Distributed communication load balancing method based on graph partitioning algorithm
The technical field is as follows:
the invention discloses a distributed communication load balancing method based on a graph partitioning algorithm, relates to challenges faced by wide-area high-performance calculation, and belongs to the technical field of computers.
Background art:
in a runtime system with distributed memory, computing tasks running on different nodes send messages to each other through a network for communication. In this section, the communication load per task, i.e. the number of messages per task and other nodes, is discussed herein. If two computing tasks communicating with each other are distributed on the same node, the communication between them can be performed through the shared memory, thereby hiding the delay of the communication. The purpose of communication load balancing is to place tasks with larger mutual communication quantity on the same node as much as possible, so that the communication quantity between the nodes is reduced. Generally, the computation load and the communication mode of the computation task usually have continuity in time, that is, the computation task has the similar characteristic of the load information in the future period of time and the load information in the past period of time, so the load information in the previous period of time is usually used as a basis for providing guidance information for the future load balancing algorithm.
In the load balancing algorithm, since a general algorithm does not consider the communication situation between tasks when balancing the computation load, the communication load between some nodes may be high after balancing. A large amount of communication overhead may affect the performance of the program.

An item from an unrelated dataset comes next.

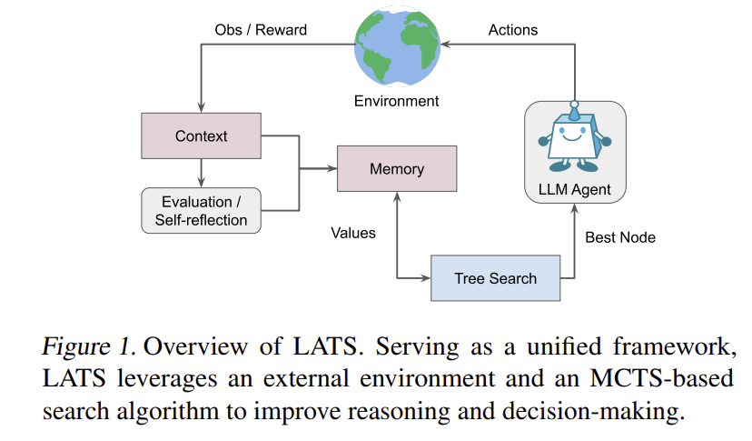 - 연관성: LATS는 ToT의 트리 탐색 알고리즘을 Monte Carlo Tree Search (MCTS)로 대체하여, 외부 피드백을 활용한 적응적 문제 해결을 가능하게 함.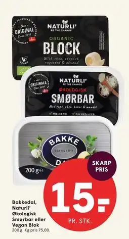 | Bakkedal, Naturli' Økologisk Smørbar eller Vegan Blok | SPAR | 15,00 kr. | 30 maj 2025 | 05 juni 2025 | |||

One approach is to consider the balancing of computational and communication loads as a graph partitioning problem, i.e., dividing n interconnected nodes into k segments, so that the weight of the edges between the segments is minimized, and so that the sum of the node weights of the k segments is in a balanced state. In runtime systems, the approach usually taken is a centralized graph partitioning algorithm, such as:
jeannet presents problems in high performance computers as load imbalances in applications and poor management of data locations. Therefore, as the number of cores increases and the number of memories per core decreases drastically, special attention needs to be paid to load balancing and to consider the locality of data as much as possible. Authors use LibTopoMap to analyze the topology between multiple nodes and propose a topology-based load balancing method. According to the method, the load among all nodes is balanced, and then all groups of computing tasks are redistributed by using a METIS algorithm provided by LibTopopap according to the affinity among the computing tasks, so that the communication overhead is reduced.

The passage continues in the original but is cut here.